The lunchtime walk from the MGM Grand is weird. It’s cold, there are no cars. It is reminiscent of Reykjavik, the capital of Iceland, where everyone stays inside — only the crazy or naive walk. Across the Detroit river is Canada. The smokestacks and stacked aerials are the perfect setting for a Springsteen song.

But at 1555 Broadway Street, just across from the Detroit Opera House, a once-famous building has become the lodestone for the city's regeneration, a coworking space that houses startups — even a company known as Twitter.
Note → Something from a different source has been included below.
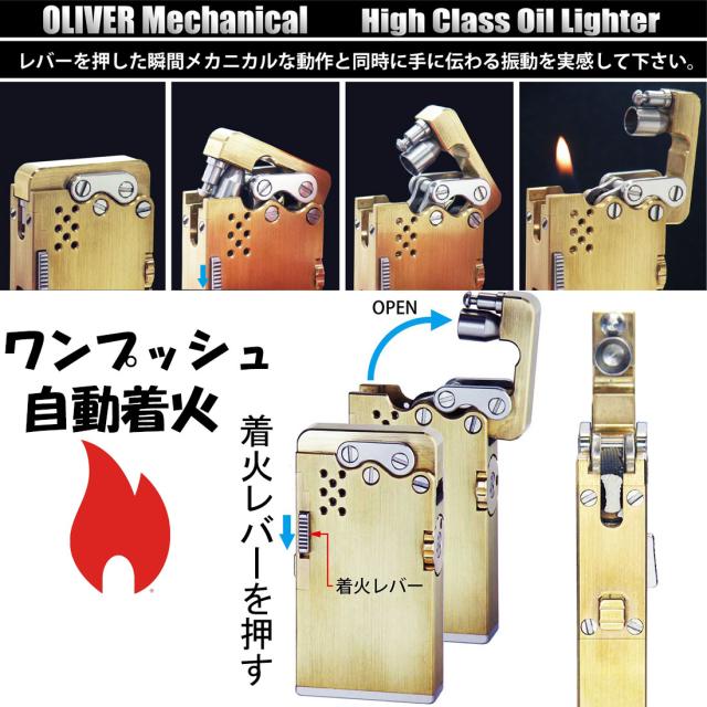 オリバー メカニカル オイルライター OLIVER High Class Oil Lighter 真鍮削り出し ワンプッシュで自動着火 OLV-MOL |

The M@dison Theater was originally built in 1917 and was crumbling away until it reopened in 2011. It was purchased by Dan Gilbert, the chairman of Rock Ventures and Quicken Loans, the largest online retail mortgage lender in the U.S.

This followed Gilbert’s decision to move his Quicken Loans family of companies and 1,700 employees to Detroit in 2010. The M@dison’s purchase is part of a longstanding future commitment to the city.

“The Madison building project is another step in the … vision for a technology corridor of growth … in the heart of downtown Detroit," said Gilbert at the time of the M@dison’s opening. "This historic building will be molded into an exciting center where young entrepreneurial enterprises will collaborate, innovate and build the kind of 21st century businesses that our new economy in Detroit will be based upon."

In the interim two years, Gilbert’s vision has more than come to pass. Through Rock Ventures, the umbrella entity of Gilbert’s portfolio of companies, the company now owns more than 40 downtown properties, totalling nearly 8 million square feet. (Interestingly, one of those properties is the newly opened Greektown Casino.) Gilbert-owned businesses employ more than 11,500 people in the city.

Even on a bitterly freezing day, the M@dison building is impressive. Much of the original materials were used in its rebuild. Exposed steel beams add an industrial effect, and original graffiti graces the walls of the formerly abandoned site. There is also a cool rooftop area and a large event space, as well as the mandatory coffee machines and community games area.

The M@dison building has not only created a coworking space for tech entrepreneurs, its influence has become a household name: "the M@dison Effect." It's a phenomenon in which companies that have grown too big for the M@dison have moved into nearby offices. Block by block, Detroit’s tech scene is reviving a great city. Even Google moved in.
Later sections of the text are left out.